My mother always said "If you don't laugh, you'll cry. Laughing's better." She did a lot of laughing during her 86 years. Elva Hasty Thompson was born in Marietta, Georgia in 1933, and she left us today.
While it makes me very sad to lose her, because I will miss her terribly, I am also rejoicing.
Mom is in heaven, I am sure. The macular degeneration, arthritis, and hearing loss that plagued her in recent years are gone now. She is whole and perfect, and with the Lord. I know this like I know the sun will rise in the East tomorrow.
Mom was born at the height of the Depression and times were tough. My grandfather [Bob Hasty, who had played major league baseball for 5 seasons] had to stop playing minor league baseball and get a regular job. He went to work coaching the baseball teams for companies like Atlanta Gas Light and Foremost Dairy.
They moved a lot.
Mom was whip smart and always did well in school, despite all the moving around. My mom could read a book and listen to the teacher at the same time, and recall everything the teacher said. One teacher tested that, accusing Mom of reading during class, and Mom repeated her lecture word for word -- that was in high school. She kept reading in class but made top grades anyway.

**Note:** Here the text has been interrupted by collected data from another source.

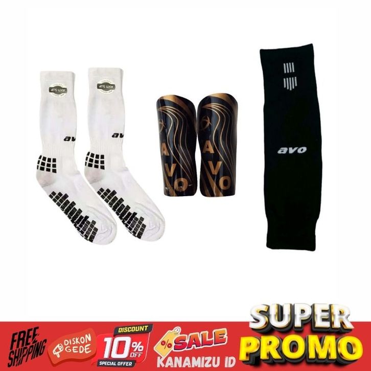 KANAMIZU Paket 3 in 1 Kaos Kaki Futsal Anti Slip Deker dan Sambungan Kaos Kaki AVO
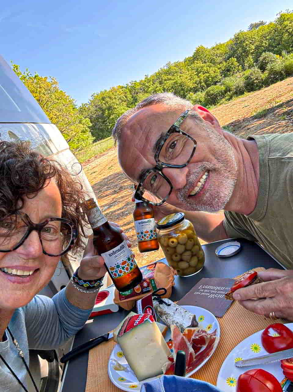 Die Fahrt ging weiter – durch Hügel, Gebirge, vorbei an Olivenbäumen. Irgendwann holperte es ordentlich, bis wir den Nachtplatz erreichten. Es stürmte heftig, das Dachzelt wackelte, der Bus bebte. Ich habe gut geschlafen. Quer am Kopfende, wie immer. Nähe ist alles, wenn die Welt da draußen verrückt spielt.
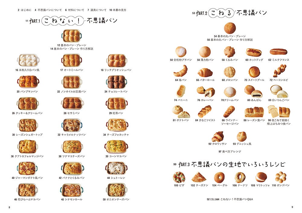 そんな「こねない不思議パン」は22レシピ、見た目も味も本格的なのに、なぜか30分で焼ける「こねる不思議パン」は29レシピ紹介。

After World War II the family came back to Atlanta. Mom was in 6th grade.They bought a beautiful old home on 9th Street and Mom rode her bicycle all over the area, and learned to swim at The Atlanta Women's Club.
Elva graduated from Grady High School in 1952. She went to the University of Georgia and got her BS in Education. She worked and got loans and completely paid her own way through college -- a really uphill battle but one that made her a strong person. She became a teacher. She made very little money but loved teaching and always told stories about those years and how much she loved her students.
In 1956 she met my dad, who was living and working in Atlanta, for one of his cousins. They married in February 1957, and moved to Augusta.
They lived in Augusta until 1970, and had two children, my older brother Bruce in 1959, and me in 1962.
Elva had a wonderful singing voice. She would sit at the piano and play and we would sing together from the time I was a baby. She played entirely by ear, and her arpeggios would have rivaled Liberace's. In her youth, she sang for weddings and special events around Atlanta, and did a USO tour and sang for the soldiers back from Korea. We rarely had a party when I was a kid that someone didn't say "Elva, sing for us."
"Smoke Gets in Your Eyes" was her signature song.
She was a soloist for the Men's Glee Club at the University of Georgia. She also soloed at First Baptist here in Atlanta, and sang at other local churches when they needed a soloist. Several times she sang in choruses for the Billy Graham crusades and she revered him.
When she married Dad and became a mom, she was all about being a mom. Even though it was a financial sacrifice, she stayed home with us so we would never come home to a cold empty house, as she had as a child. We came home to snacks and long chats with her.
Mom had a lot of hobbies. She knitted. She beaded sweaters. She did decoupage in the 70's. She loved to garden and grew amazing gardens. She loved to read and read voraciously, even after arthritis limited her to using a Kindle.
Mom was always an amazing storyteller. She had a fantastic sense of humor and could make just about anyone laugh. She had one date after Dad died, and the old man's tooth fell out during dinner -- a story she told with great amusement.
Mom became a widow in 1996 when my father passed away from cancer. She was only 61. She never wanted to marry anyone else, though. She laughed when Bruce and I suggested it. She stayed busy with her church and garden club, and took trips to the beach with friends.
When I adopted my daughter in 2004, Mom stepped in to be an amazing grandmother. She sold her house in Augusta and moved over here to help me, and what a blessing it was for all of us. When Michael came along a few years later she spent his first summer tutoring him and he thrived in school, skipping a grade after only one year. She always said it was her pleasure to tutor him because he was/is so smart. They had a special bond.
Mom was one of a kind. Smart, funny, always a fighter. She loved her friends and she had a lot of great ones. She loved her family and we all felt that love.
For the rest of my life I will hear her voice in my head. I will think of her when I smell a gardenia. I will remember all the great times we had together.
I will rejoice, because God gifted me with the best mama in the world.
There will never be another one like her. That's okay. She was my greatest source of love, my biggest champion, my best friend, and I am so grateful she was with me for so long.